INSTRUCTIONS FOR THE TASK: Write back every entry exactly as it reads, with the pictures left behind.

Stored items:
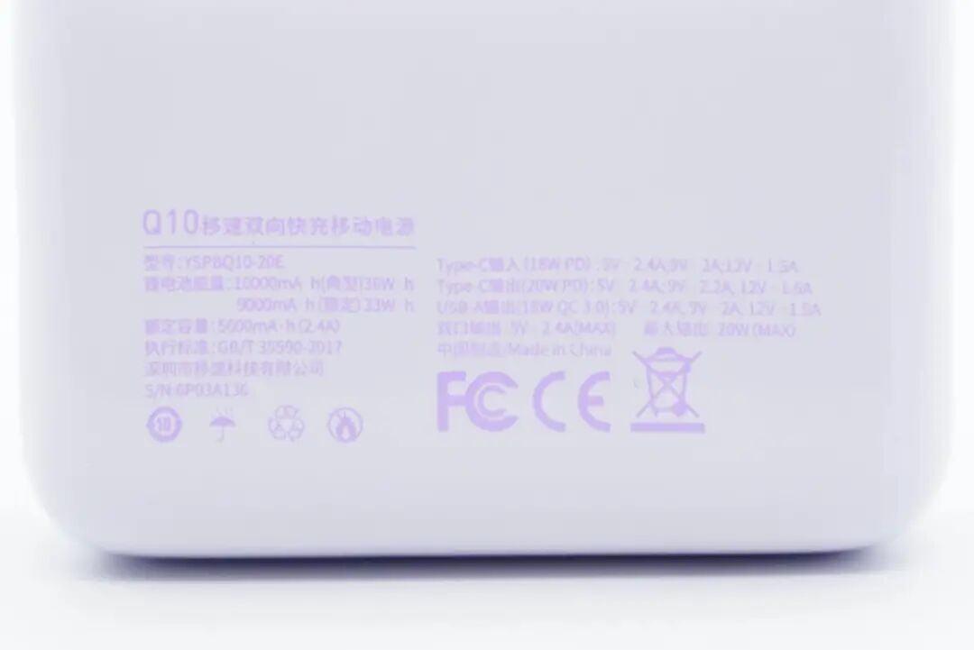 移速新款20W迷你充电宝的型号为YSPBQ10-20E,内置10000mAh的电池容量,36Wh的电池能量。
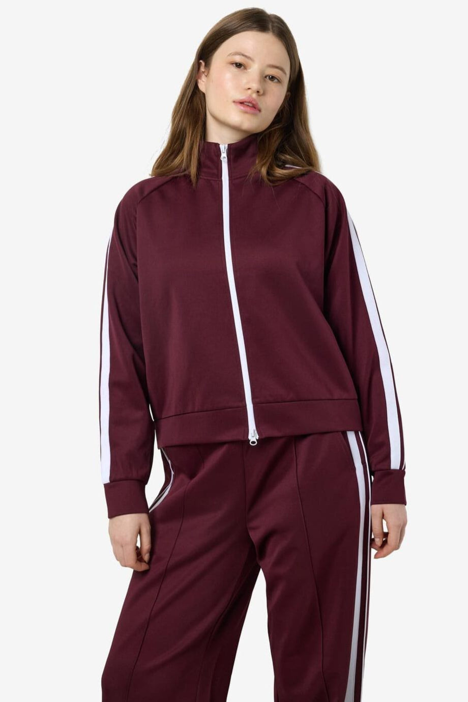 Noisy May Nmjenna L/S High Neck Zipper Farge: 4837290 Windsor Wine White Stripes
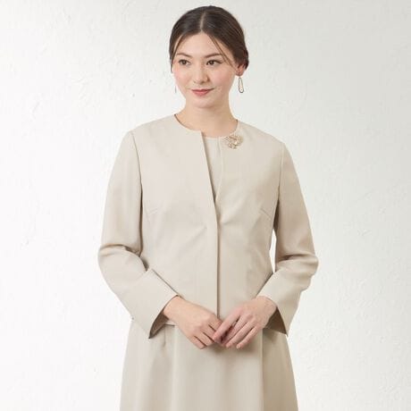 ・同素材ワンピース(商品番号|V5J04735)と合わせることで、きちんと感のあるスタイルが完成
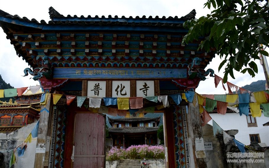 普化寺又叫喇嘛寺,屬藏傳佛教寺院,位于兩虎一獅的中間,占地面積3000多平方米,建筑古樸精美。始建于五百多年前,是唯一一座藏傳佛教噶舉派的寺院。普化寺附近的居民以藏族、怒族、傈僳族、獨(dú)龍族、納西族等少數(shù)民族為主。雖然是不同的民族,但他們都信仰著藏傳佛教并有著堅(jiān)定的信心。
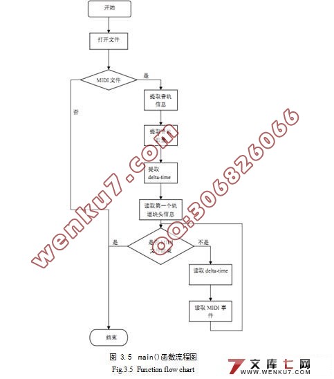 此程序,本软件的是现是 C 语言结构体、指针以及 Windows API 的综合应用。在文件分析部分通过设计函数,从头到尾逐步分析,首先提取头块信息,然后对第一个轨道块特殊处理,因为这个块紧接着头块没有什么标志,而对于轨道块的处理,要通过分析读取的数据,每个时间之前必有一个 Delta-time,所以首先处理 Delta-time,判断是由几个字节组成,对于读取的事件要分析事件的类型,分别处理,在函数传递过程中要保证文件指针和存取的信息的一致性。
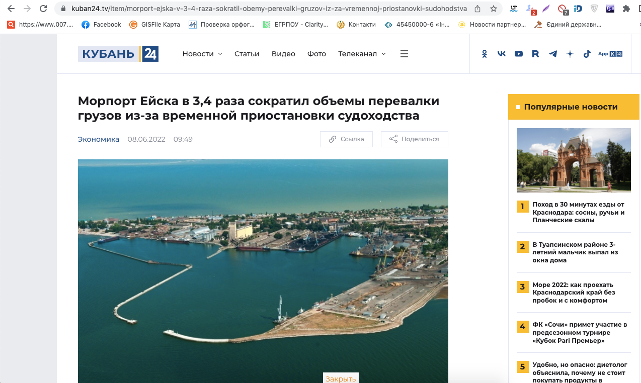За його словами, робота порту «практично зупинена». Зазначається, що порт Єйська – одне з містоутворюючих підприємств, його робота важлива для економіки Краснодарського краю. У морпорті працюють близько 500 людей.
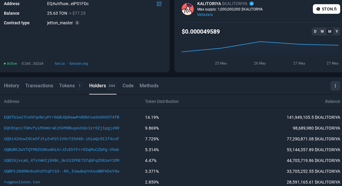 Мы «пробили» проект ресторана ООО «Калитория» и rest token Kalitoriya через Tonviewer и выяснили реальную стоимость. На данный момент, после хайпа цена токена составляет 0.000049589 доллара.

RESPONSE FOR THIS EXERCISE:
 移速新款20W迷你充电宝的型号为YSPBQ10-20E,内置10000mAh的电池容量,36Wh的电池能量。
 Noisy May Nmjenna L/S High Neck Zipper Farge: 4837290 Windsor Wine White Stripes
 ・同素材ワンピース(商品番号|V5J04735)と合わせることで、きちんと感のあるスタイルが完成
 普化寺又叫喇嘛寺,屬藏傳佛教寺院,位于兩虎一獅的中間,占地面積3000多平方米,建筑古樸精美。始建于五百多年前,是唯一一座藏傳佛教噶舉派的寺院。普化寺附近的居民以藏族、怒族、傈僳族、獨(dú)龍族、納西族等少數(shù)民族為主。雖然是不同的民族,但他們都信仰著藏傳佛教并有著堅(jiān)定的信心。
 此程序,本软件的是现是 C 语言结构体、指针以及 Windows API 的综合应用。在文件分析部分通过设计函数,从头到尾逐步分析,首先提取头块信息,然后对第一个轨道块特殊处理,因为这个块紧接着头块没有什么标志,而对于轨道块的处理,要通过分析读取的数据,每个时间之前必有一个 Delta-time,所以首先处理 Delta-time,判断是由几个字节组成,对于读取的事件要分析事件的类型,分别处理,在函数传递过程中要保证文件指针和存取的信息的一致性。
За його словами, робота порту «практично зупинена». Зазначається, що порт Єйська – одне з містоутворюючих підприємств, його робота важлива для економіки Краснодарського краю. У морпорті працюють близько 500 людей.
 Мы «пробили» проект ресторана ООО «Калитория» и rest token Kalitoriya через Tonviewer и выяснили реальную стоимость. На данный момент, после хайпа цена токена составляет 0.000049589 доллара.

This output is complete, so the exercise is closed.